Weekly Narrative on MakerDAO – 19 March 2019
Last week, the community discussed the impact on the increased the stability fee change from the week prior. Since such time, the market response continued to consolidate the price* of DAI. We saw a slight increase in the price* above 0.991 but then returned slightly below to 0.975. A unique market response was noted as CDPs were continued to be opened and more DAI minted. The rate at which DAI is minted was almost the same rate as prior to the stability fee increase. This implies that the average CDP holder and even new CDP holders continue to be rate inelastic for now. It has been observed via trading desks that while overall the price* of DAI has started a recovery, too much liquidity remains in the market which is presenting a challenge to a sustained recovery. Too much liquidity can and will cause a systemic problem if unchecked as it directly indicates a loose economic policy and further exposes DAI to possible price drops as supply and demand have a perceived imbalance.
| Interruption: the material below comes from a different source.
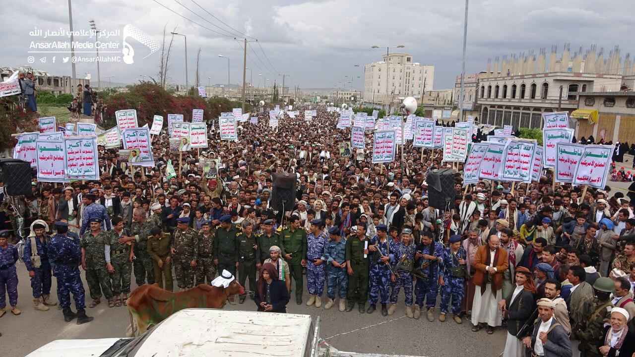 وأكد بيان المسيرة رفض أبناء ذمار للمؤتمرات والصفقات التي يعقدها أمراء العمالة والارتزاق.. لافتا إلى أن الشعب اليمني لن يتخلى عن فلسطين أو أي شبر من أراضيها.

Further, in an efficient market we should see DAI being minted and burned at more or less the same rate. By derivative, the Maker “burner” wallet should be increasing at a somewhat constant rate based on the DAI outstanding and the stability fee. During the recent week, the number of open / closed CDPs were disproportionately high, even after a rate increase. This metric further points to too much outstanding DAI.
Given the observed impacts of the stability fee on the price, prudence and monitoring are advised. As the overall objective is to bring supply and demand into balance (which may be observed via the price* being as close to 1.0000 as possible), it is critically important to engage pragmatically and not overshoot any new rate change adjustments.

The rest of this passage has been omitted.